Although in vitro studies have demonstrated ethanol-induced coronary artery constriction, in vivo reports suggest an ethanol-related coronary dilator effect with increases in coronary blood flow. The principal difference in these studies is the demonstration of epicardial coronary constriction with ethanol, while dilation is described only in resistance vessels. Clinical studies have noted evidence of myocardial ischemia following ethanol ingestion in patients with coronary artery disease, suggesting ethanol-related constriction of diseased epicardial coronary arteries. This study hypothesized that intravenous ethanol would constrict canine epicardial coronary arteries while producing arteriolar resistance vessel dilatation. Ten closed-chest mongrel dogs weighing 24 +/- 1 kg (mean +/- SEM) were given 8 g of ethanol intravenously over 30 min.
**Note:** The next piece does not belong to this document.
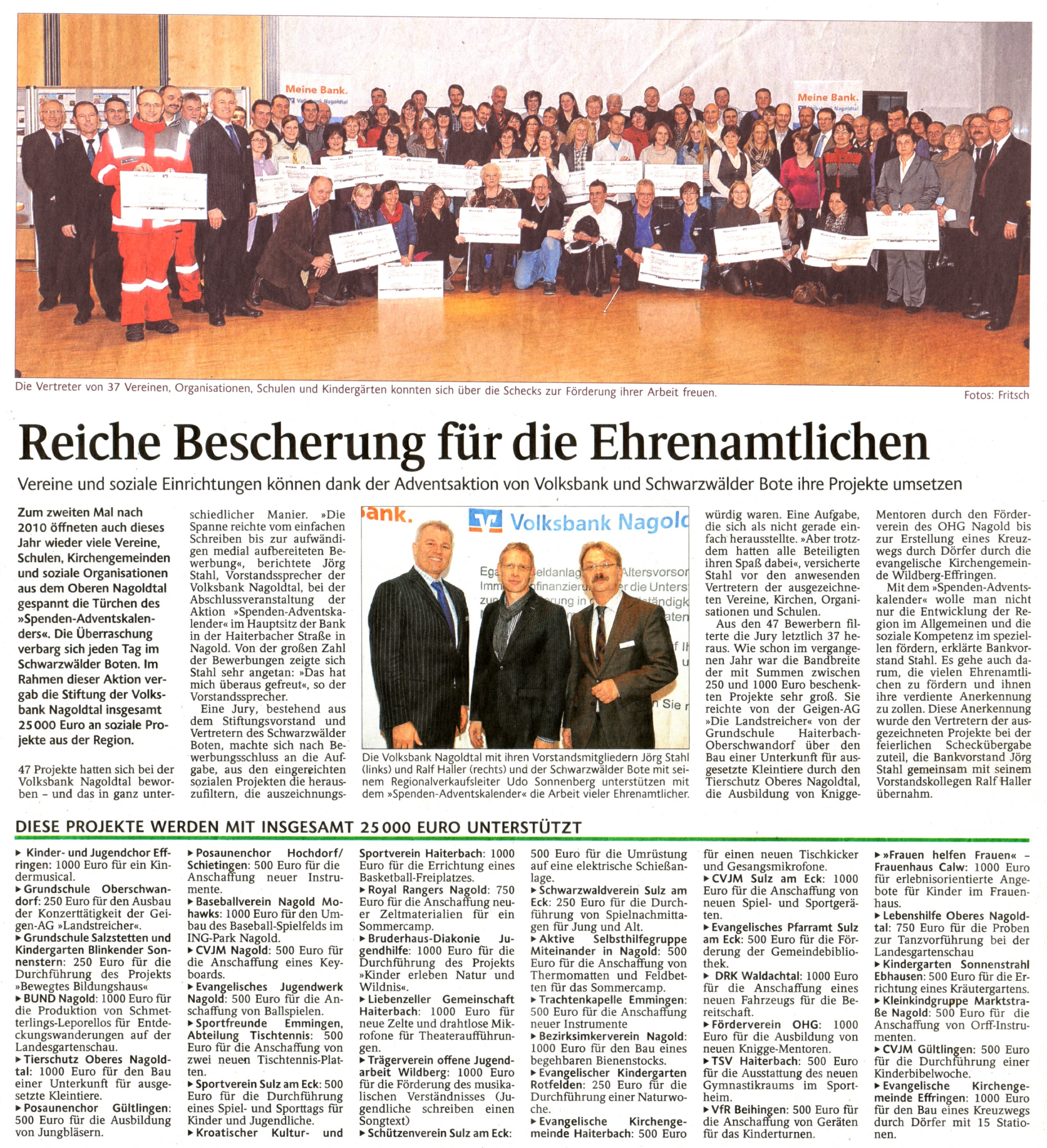 10. Spenden-Adventskalender der Volksbank HNR eG |
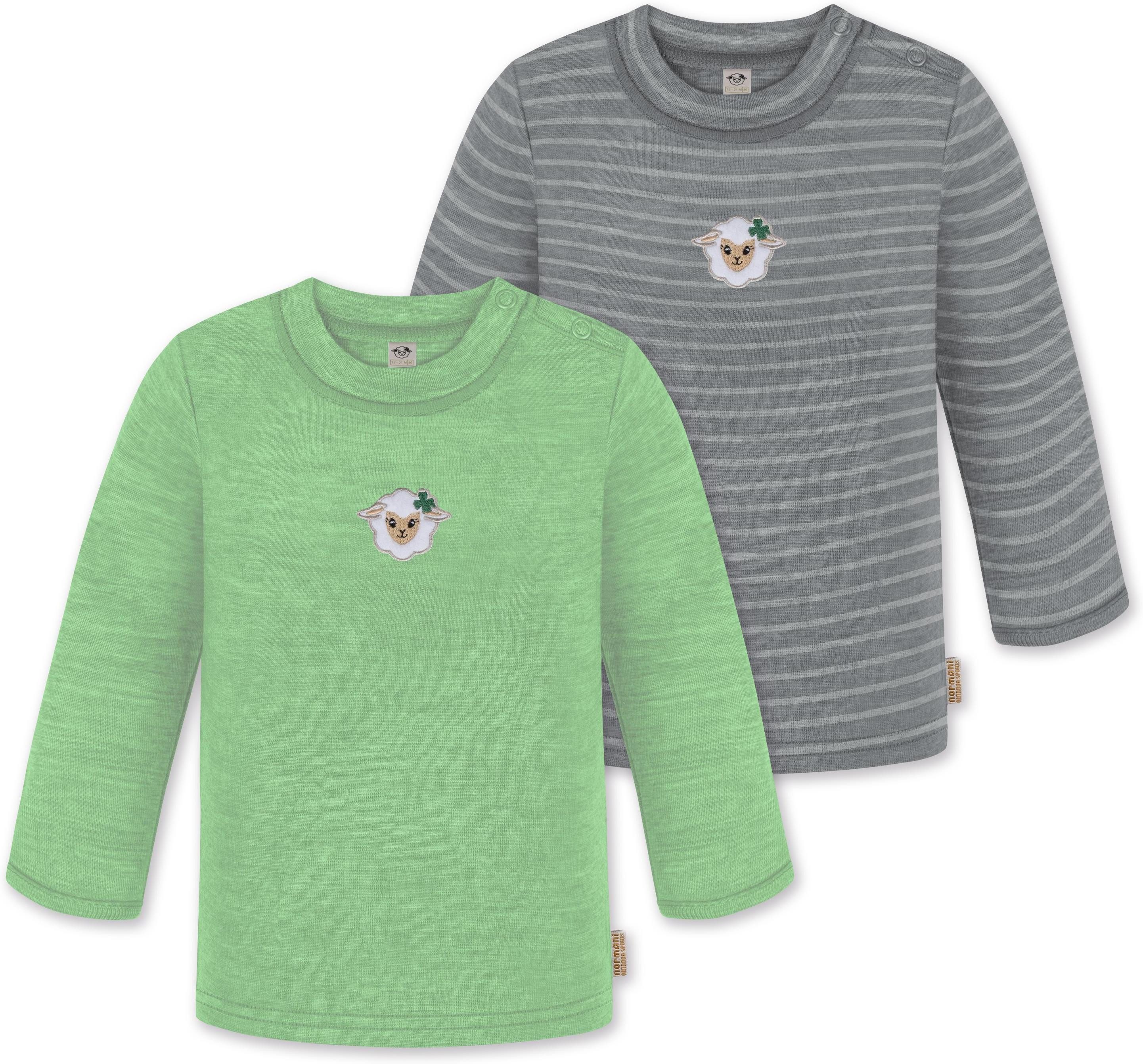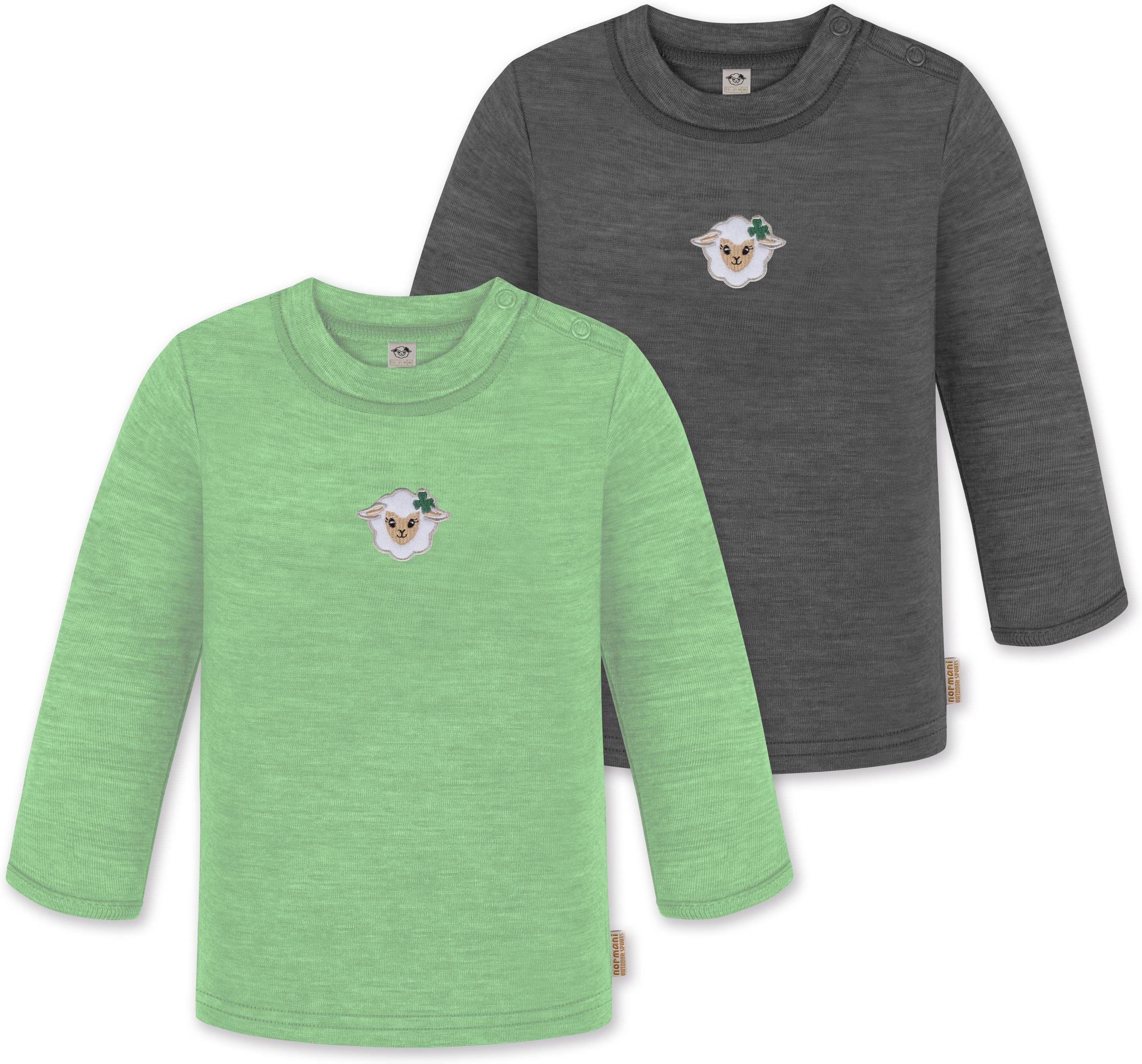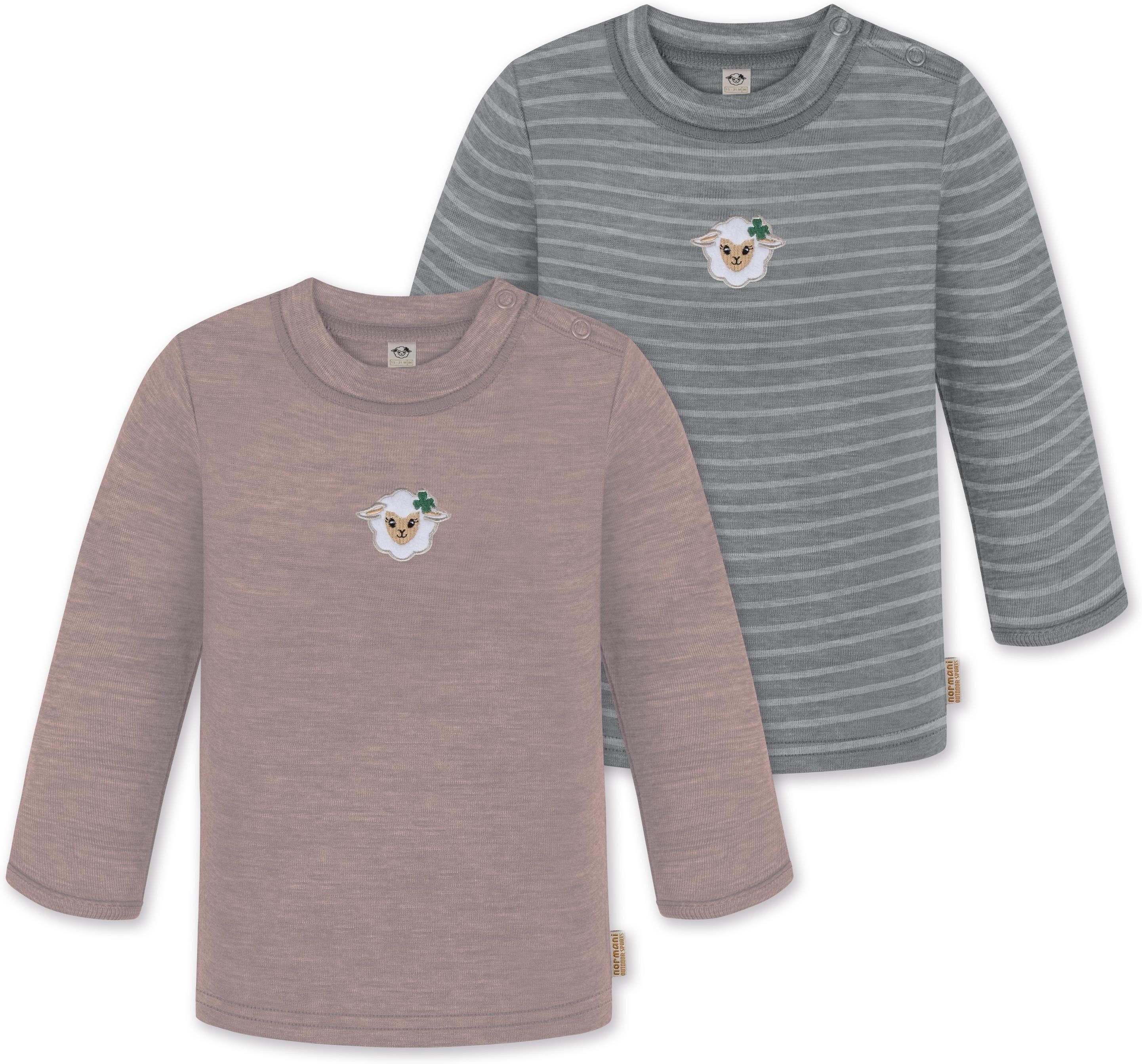 Unser Merino Langarm Oberteil „Taupo", im 2er Pack, ist mehr als nur ein einfaches Oberteil für Babys und Kleinkinder. Hinter seiner schlichten Erscheinung verbirgt sich ein Kleidungsstück, das sich perfekt für alle Wetterbedingungen eignet. Mit einer Grammatur von 200 g/m² bietet dieses Oberteil eine optimale Wärmeisolierung, die es im Winter zur idealen wärmenden Schicht unter weiterer Kleidung macht. Dank seiner natürlichen Thermoregulierung kann das Oberteil auch im Sommer einzeln getragen werden, was es zum idealen Begleiter für das ganze Jahr macht. Ob beim Klettern auf dem Spielplatz, beim Kinderturnen, zu Hause, im Kindergarten oder in der Kita, dieses Oberteil ist vielseitig einsetzbar und sorgt stets für angenehme Temperaturen und höchsten Tragekomfort. Die Wärmeregulierung und Atmungsaktivität der Merinowolle ermöglichen es Ihrem Kind, das Oberteil den ganzen Tag über zu tragen – sei es beim Spielen, Toben oder Mittagsschläfchen. Die weiche Merinowolle ist besonders sanft zur empfindlichen Haut Ihres Kindes und verursacht keine Hautirritationen. Zudem ist die Merinofaser geruchsneutralisierend, sodass das Oberteil auch nach mehrmaligem Tragen frisch bleibt. Die Elastizität der Merinowolle sorgt für maximale Bewegungsfreiheit beim Spielen. Darüber hinaus ist das Oberteil mit hochwertigen Marken-Druckknöpfen von YKK an den Schultern ausgestattet. Diese gewährleisten ein zuverlässiges Öffnen und Спрятать und erleichtern das Umziehen. Abgerundet wurde das Oberteil mit einem kindgerechtem, flauschigem Schaf Stick, der als Eyecatcher dient.

Left anterior descending and circumflex proximal artery diameters were measured by quantitative coronary angiography; myocardial flow was measured by Xenon washout, and myocardial flow distribution was measured with radioactive microspheres. Baseline proximal left anterior descending and circumflex artery areas were 6.3 +/- 0.5 and 5.8 +/- 0.4 mm2, respectively. Up to 30% left anterior descending and circumflex proximal artery narrowing was noted at 60 and 90 min following ethanol infusion. The constriction was reversed with nitroglycerin. There was a decrease in left anterior descending artery flow but no change in circumflex artery flow at 60 min. Blood ethanol level varied from 520 micrograms/ml initially to 205 micrograms/ml 90 min after the infusion terminated (intoxication = 1500 micrograms/ml). These data suggest that ethanol has significant vasoconstrictor action in vivo on epicardial coronary arteries.